The scientist’s lawyer, Anna Stavitskaya, said Mr. Sutyagin had verbally agreed to an exchange during a meeting with Russian officials who he believed were from Russia’s Foreign Intelligence Service, or S.V.R., and that Americans had also been present at the meeting.

Her comments followed reports from Washington on Wednesday that just days after the F.B.I.’s sensational dismantling of a Russian spy ring, the American and Russian authorities were negotiating an exchange of some or all of the 10 espionage suspects for prisoners held in Russia, including Mr. Sutyagin.
The deal may involve guilty pleas from the 10 Russian spies, including the honey pot Anna Chapman. MSNBC is reporting that this is going to end up being an 11 for 11 swap.
Relatives of Sutyagin, a nuclear researcher serving a 14-year sentence for spying for the United States, said he had told them he was going to be one of 11 convicted spies in Russia who would be freed in exchange for 11 people charged by the United States with being Russian agents.

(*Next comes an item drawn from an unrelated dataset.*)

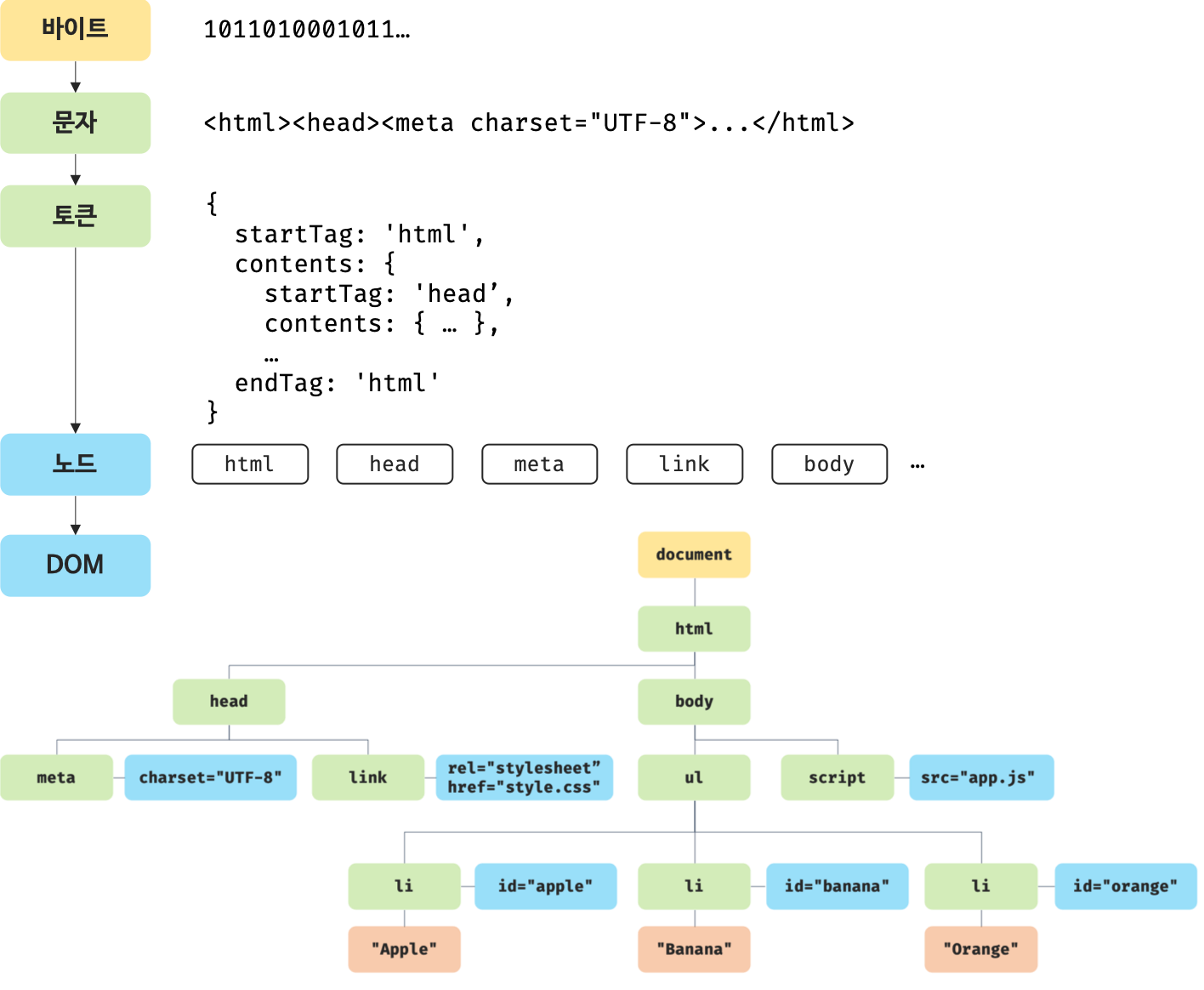 - 브라우저는 바이트(2진수) 형태의 HTML 문서를 받아서 meta 태그의 charset 어트리뷰트에 의해 지정된 인코딩 방식(예 : UTF-8)으로 문자열로 변환한다.

Speculation swirled around the possible swap even as Russian and U.S. officials refused to directly comment on any possible exchange.
The various Russian spies are being moved to New York for what appears to be final disposition in the case - entering guilty pleas and sentencing. Those spies arrested in Virginia and Boston are being transferred to New York, joining Chapman and the others.

Federal judge Kimba Wood had signed an order yesterday requiring El Diario columnist Vicky Pelaez, Juan Lazaro's wife and fellow codefendant, remain detained until the judge can hear an appeal by the prosecutors over the $250,000 bail package approved last week (the other defendants were denied bail and considered flight risks after an 11th alleged spy jumped bail in Cyprus). It's not clear whether how the pending spy swap will handle Pelaez's situation.

Prosecutors have announced that all 10 alleged Russian spies will plead guilty to charges that they were unregistered agents in the US. That includes the hyperventilating Vicky Pelaez and her husband Juan Lazaro. However, that doesn't mean that all of them want to return to Russia - and that includes the NJ couple that had two kids (a further complication).

The criminal penalty for that charge is up to 5 years in prison.

We now know the true identity of four of the 10 Russian spies.
In entering their guilty pleas, five of the 10 revealed their real Russian names publicly for the first time. The couple known as Richard and Cynthia Murphy gave their names to the court as Vladimir and Lydia Guryev, and the couple who called themselves Donald Howard Heathfield and Tracey Lee Ann Foley said their real names were Andrey Bezrukov and Elena Vavilova. The defendant known as Juan Lazaro said he was Mikhail Anatonoljevich Vasenkov.
The interesting thing about this case is how quickly the feds got guilty pleas and how quickly the defendants admitted to their guilt. That would seemingly indicate that the case against them was quite strong, which makes one wonder just how much more intel could be gleaned from further inquiry. At least one Russian expert thinks that the catch and turnover was too quick to do a thorough debriefing of the spies to get as much intel as possible about tactics and methods.